◆ **ABOUT THIS TASK**
The full listing, word for word and free of images, is the expected result.

◆ **EXTRACTED INFORMATION**
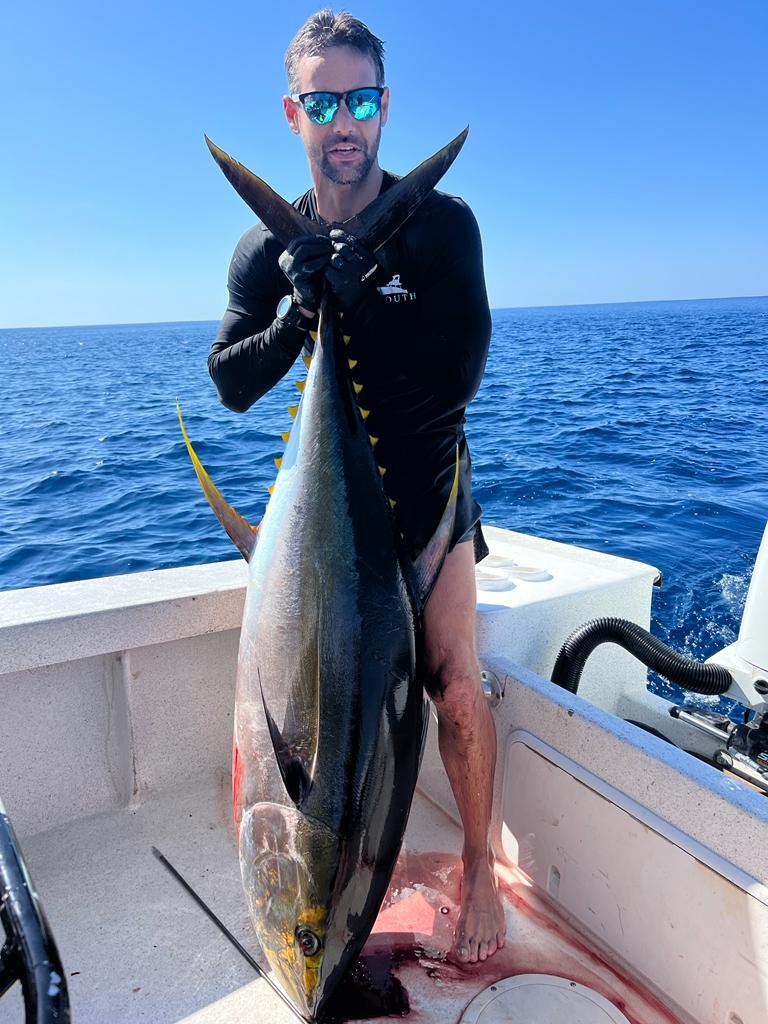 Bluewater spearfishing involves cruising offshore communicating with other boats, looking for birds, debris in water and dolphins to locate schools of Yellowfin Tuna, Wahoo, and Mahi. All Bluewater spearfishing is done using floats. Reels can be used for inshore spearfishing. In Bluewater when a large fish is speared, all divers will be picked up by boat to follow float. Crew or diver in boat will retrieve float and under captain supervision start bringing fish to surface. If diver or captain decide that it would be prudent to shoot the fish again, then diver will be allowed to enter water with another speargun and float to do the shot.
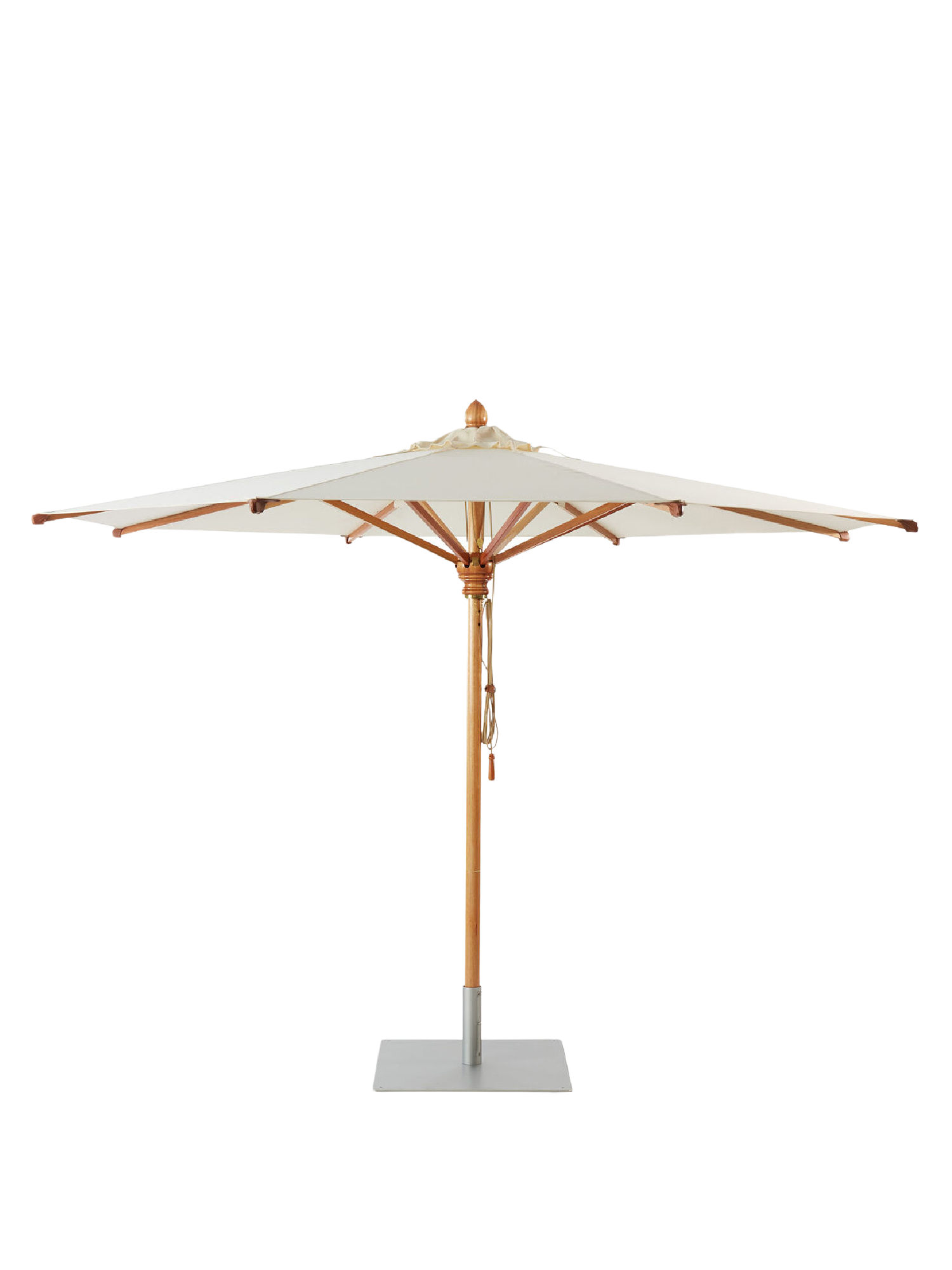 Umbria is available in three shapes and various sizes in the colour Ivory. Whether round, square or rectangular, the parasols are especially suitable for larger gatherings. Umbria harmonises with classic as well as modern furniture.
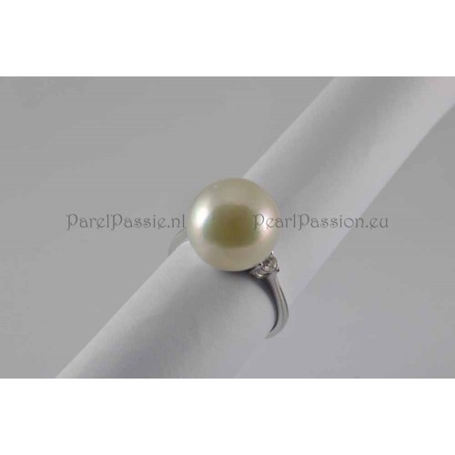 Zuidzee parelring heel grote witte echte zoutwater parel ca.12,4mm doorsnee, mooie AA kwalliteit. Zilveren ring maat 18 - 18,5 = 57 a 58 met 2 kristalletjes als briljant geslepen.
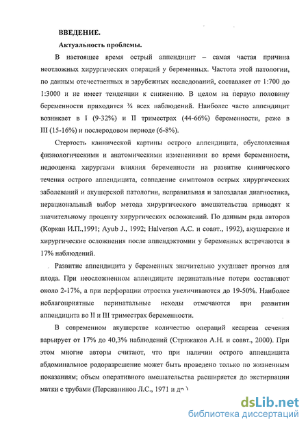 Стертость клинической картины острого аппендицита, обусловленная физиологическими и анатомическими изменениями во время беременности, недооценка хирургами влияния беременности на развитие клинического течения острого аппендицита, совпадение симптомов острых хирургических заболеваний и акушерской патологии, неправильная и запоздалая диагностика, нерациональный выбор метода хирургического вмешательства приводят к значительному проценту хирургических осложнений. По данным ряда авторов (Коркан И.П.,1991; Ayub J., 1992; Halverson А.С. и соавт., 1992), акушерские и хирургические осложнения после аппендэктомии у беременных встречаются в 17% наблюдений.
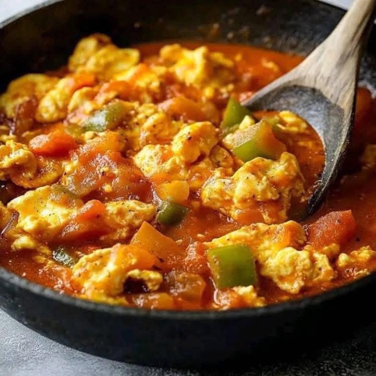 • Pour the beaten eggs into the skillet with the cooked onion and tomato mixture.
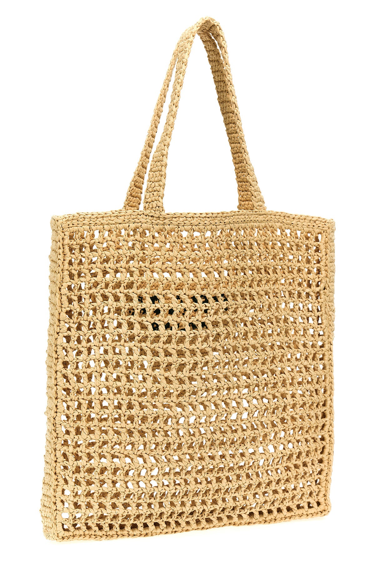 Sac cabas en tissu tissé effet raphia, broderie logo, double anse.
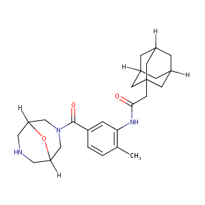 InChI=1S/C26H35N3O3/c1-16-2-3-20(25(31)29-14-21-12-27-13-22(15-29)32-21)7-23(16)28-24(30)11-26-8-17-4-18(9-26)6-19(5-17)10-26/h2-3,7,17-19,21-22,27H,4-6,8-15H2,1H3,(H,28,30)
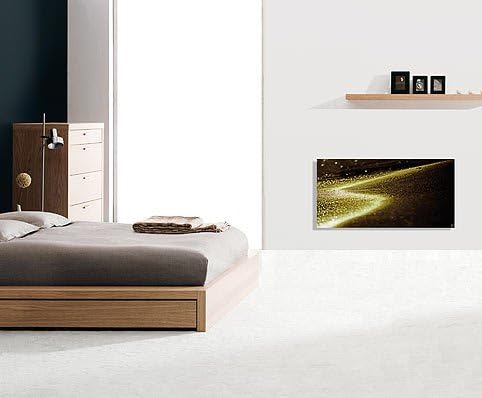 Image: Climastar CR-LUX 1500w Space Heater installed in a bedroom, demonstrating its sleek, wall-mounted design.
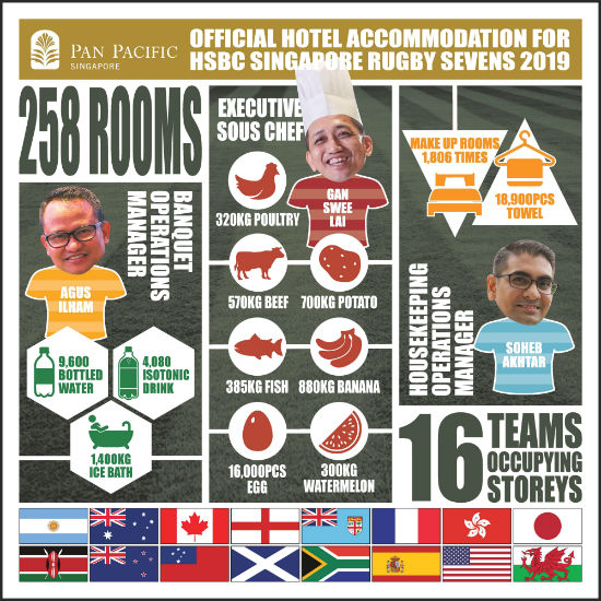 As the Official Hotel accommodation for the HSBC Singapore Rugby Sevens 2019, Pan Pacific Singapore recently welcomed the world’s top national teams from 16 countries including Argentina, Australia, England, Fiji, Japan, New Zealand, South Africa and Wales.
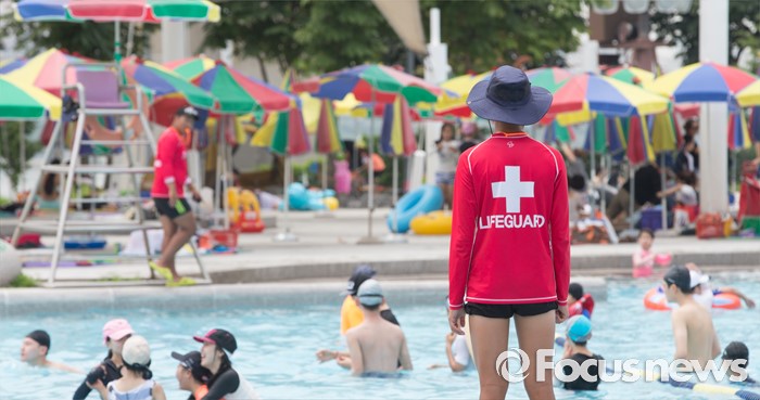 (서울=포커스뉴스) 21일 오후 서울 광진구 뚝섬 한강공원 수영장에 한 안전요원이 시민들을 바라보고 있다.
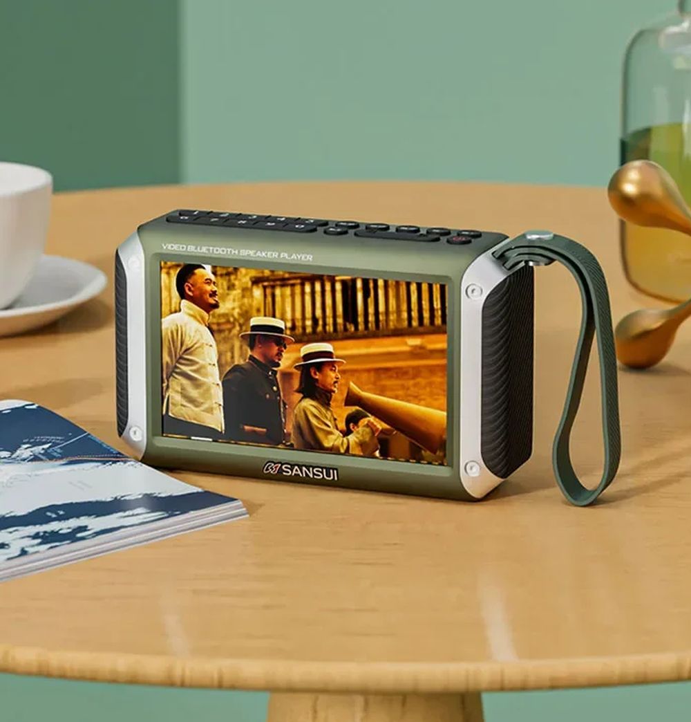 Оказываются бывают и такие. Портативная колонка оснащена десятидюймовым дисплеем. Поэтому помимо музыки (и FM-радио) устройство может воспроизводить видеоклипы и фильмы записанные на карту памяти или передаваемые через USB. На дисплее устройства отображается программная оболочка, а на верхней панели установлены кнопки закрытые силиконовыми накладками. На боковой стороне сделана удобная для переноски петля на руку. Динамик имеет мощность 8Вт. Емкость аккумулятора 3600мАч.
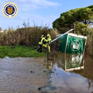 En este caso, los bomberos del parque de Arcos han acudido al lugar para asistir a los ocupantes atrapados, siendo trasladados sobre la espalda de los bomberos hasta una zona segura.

◆ **ANSWER AREA**
 Bluewater spearfishing involves cruising offshore communicating with other boats, looking for birds, debris in water and dolphins to locate schools of Yellowfin Tuna, Wahoo, and Mahi. All Bluewater spearfishing is done using floats. Reels can be used for inshore spearfishing. In Bluewater when a large fish is speared, all divers will be picked up by boat to follow float. Crew or diver in boat will retrieve float and under captain supervision start bringing fish to surface. If diver or captain decide that it would be prudent to shoot the fish again, then diver will be allowed to enter water with another speargun and float to do the shot.
 Umbria is available in three shapes and various sizes in the colour Ivory. Whether round, square or rectangular, the parasols are especially suitable for larger gatherings. Umbria harmonises with classic as well as modern furniture.
 Zuidzee parelring heel grote witte echte zoutwater parel ca.12,4mm doorsnee, mooie AA kwalliteit. Zilveren ring maat 18 - 18,5 = 57 a 58 met 2 kristalletjes als briljant geslepen.
 Стертость клинической картины острого аппендицита, обусловленная физиологическими и анатомическими изменениями во время беременности, недооценка хирургами влияния беременности на развитие клинического течения острого аппендицита, совпадение симптомов острых хирургических заболеваний и акушерской патологии, неправильная и запоздалая диагностика, нерациональный выбор метода хирургического вмешательства приводят к значительному проценту хирургических осложнений. По данным ряда авторов (Коркан И.П.,1991; Ayub J., 1992; Halverson А.С. и соавт., 1992), акушерские и хирургические осложнения после аппендэктомии у беременных встречаются в 17% наблюдений.
 • Pour the beaten eggs into the skillet with the cooked onion and tomato mixture.
 Sac cabas en tissu tissé effet raphia, broderie logo, double anse.
 InChI=1S/C26H35N3O3/c1-16-2-3-20(25(31)29-14-21-12-27-13-22(15-29)32-21)7-23(16)28-24(30)11-26-8-17-4-18(9-26)6-19(5-17)10-26/h2-3,7,17-19,21-22,27H,4-6,8-15H2,1H3,(H,28,30)
 Image: Climastar CR-LUX 1500w Space Heater installed in a bedroom, demonstrating its sleek, wall-mounted design.
 As the Official Hotel accommodation for the HSBC Singapore Rugby Sevens 2019, Pan Pacific Singapore recently welcomed the world’s top national teams from 16 countries including Argentina, Australia, England, Fiji, Japan, New Zealand, South Africa and Wales.
 (서울=포커스뉴스) 21일 오후 서울 광진구 뚝섬 한강공원 수영장에 한 안전요원이 시민들을 바라보고 있다.
 Оказываются бывают и такие. Портативная колонка оснащена десятидюймовым дисплеем. Поэтому помимо музыки (и FM-радио) устройство может воспроизводить видеоклипы и фильмы записанные на карту памяти или передаваемые через USB. На дисплее устройства отображается программная оболочка, а на верхней панели установлены кнопки закрытые силиконовыми накладками. На боковой стороне сделана удобная для переноски петля на руку. Динамик имеет мощность 8Вт. Емкость аккумулятора 3600мАч.
 En este caso, los bomberos del parque de Arcos han acudido al lugar para asistir a los ocupantes atrapados, siendo trasladados sobre la espalda de los bomberos hasta una zona segura.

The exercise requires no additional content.